1984 – George Orwell

1984 is one of those novels that I picked up many times, but never got around to reading. I’ve read a number of Orwell’s works before, including; Animal Farm, Homage to Catalonia, Why I Write and Down and Out in Paris and London. The novel was published in 1949 as a dystopian novel set in the future, telling of a superpower called Oceania which is engaged in perpetual war, and has extensive surveillance of the populace by the ruling regime.

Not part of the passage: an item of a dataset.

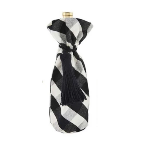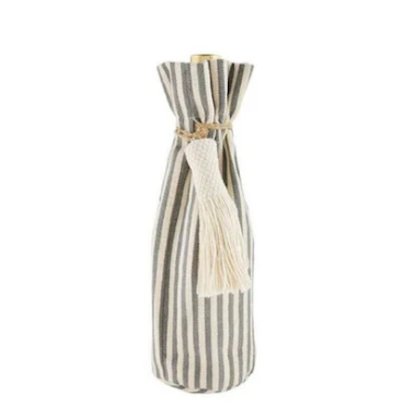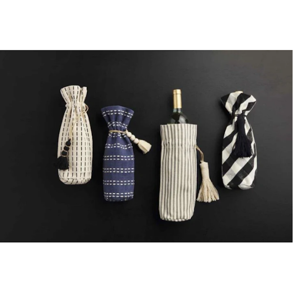 - Wrap up that delicious bottle of wine (or olive oil?) with one of our fabulous statement wine bottle bags. Each one is made from heavy duty decorative canvas and cinched with a nice, thick, chunky cotton tassel. Choose from the Blue Cream Stitch, Black Cream Buffalo Check, Grey Cream Stripe or the Cream Black Dash bottle bags, each sold seperately.
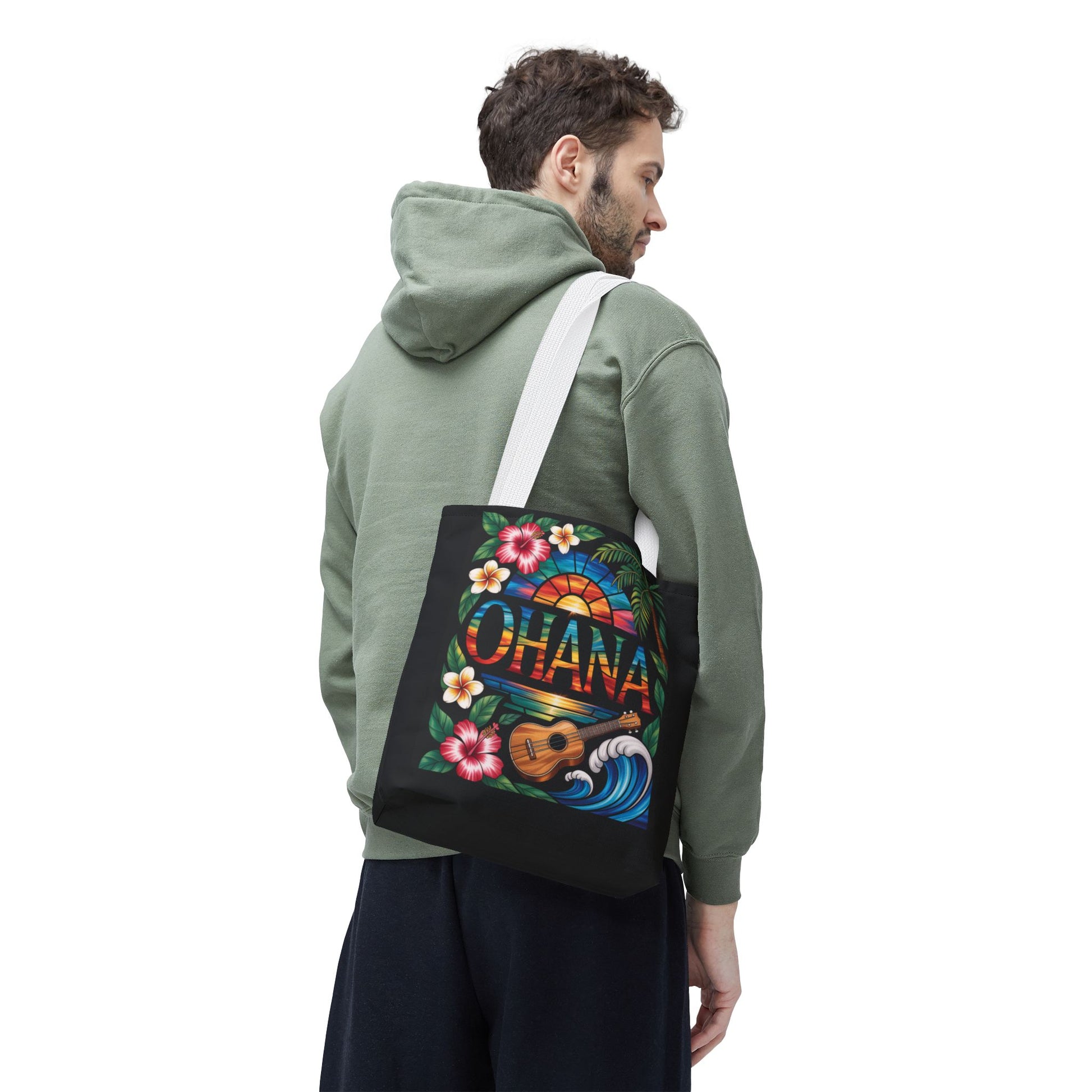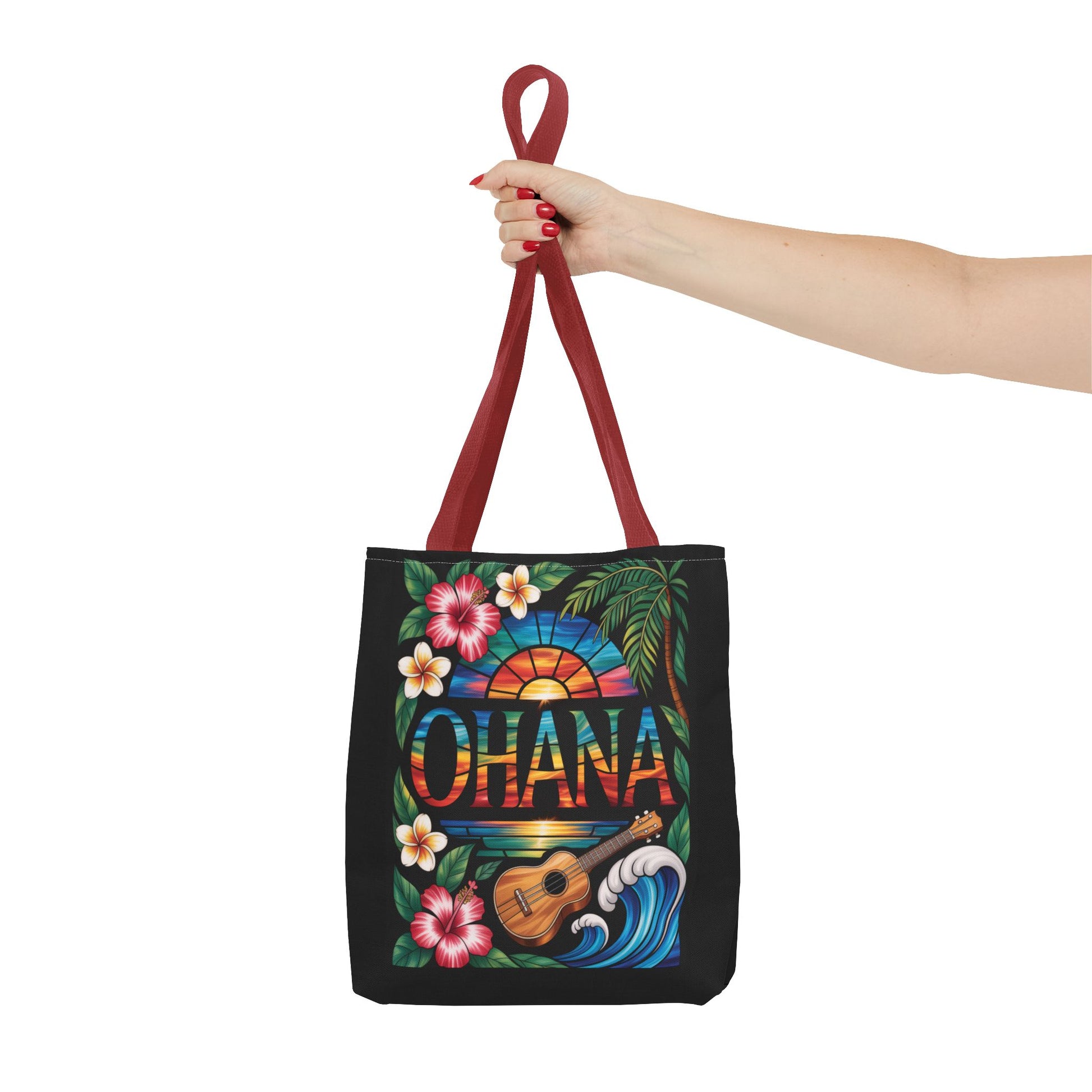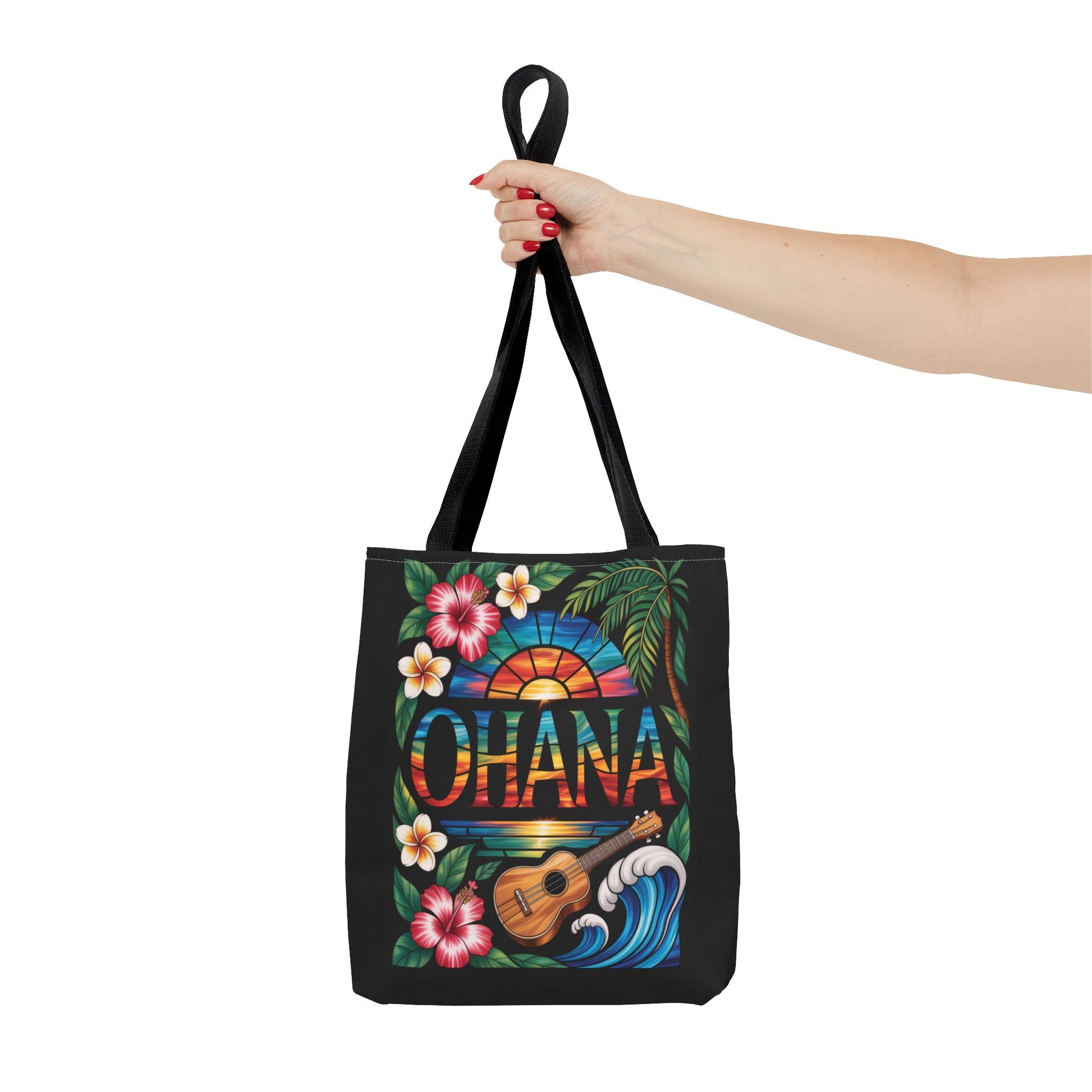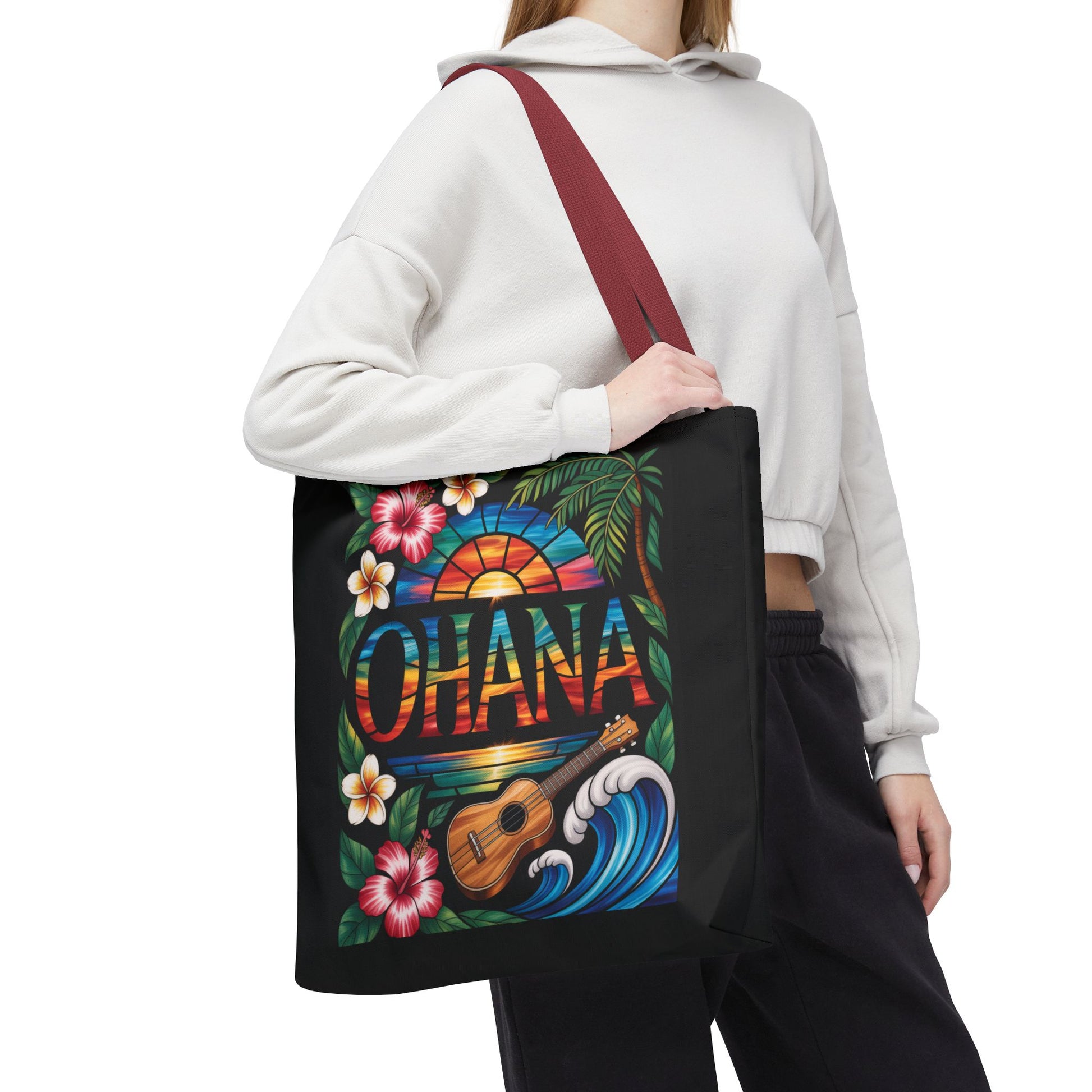 Ohana Tote Bag – Hawaiian Tropical Beach Bag with Ukulele, Sunset & Hibiscus Flowers, Island Gift for Women, Aloha Family Vibes

We follow the life of Winston Smith as he begins to question the world he lives in. After a nuclear war, possibly a Third World War, there are three superstates: Oceania, covering the Americas, the UK, Southern Africa, Australia and New Zealand; Eurasia, covering Europe and Soviet Russia; and Eastasia mostly covering China, Korea, Japan. The three are constantly at war and changing alliances, whilst fighting over a disputed area described as a, ‘rough quadrilateral with its corners at Tangier, Brazzaville, Darwin, and Hong Kong’. Oceania is ruled by Big Brother, a party leader who is the figurehead for the ruling Inner Party. Despite the ruling party supposedly being socialist the Inner Party are actually only interested in keeping power for themselves. georgeorwellxobeygiantprintset-1984coverbyshepardfairey

Throughout the novel Winston Smith fall in love with a colleague, Julia. The two enter into a relationship which is banned as it has not been approved by the Party. They both realise that they no longer agree with the way that Oceania is being ruled and question their whole upbringing, which has essentially been indoctrination by the Party. Eventually they are tracked down by the Thought Police and they betray each other under interrogation. After a long period of interrogation and re-education they are allowed to enter back into society.

This novel is both a novel of love and a warning to the world about the dangers of indoctrination and the importance of people questioning everything that they are told. 1984 is famous, much of its terminology has entered into the English language, and I think now it is more important than ever. If you haven’t read this book before, or even if you have, now it is the time to read this novel.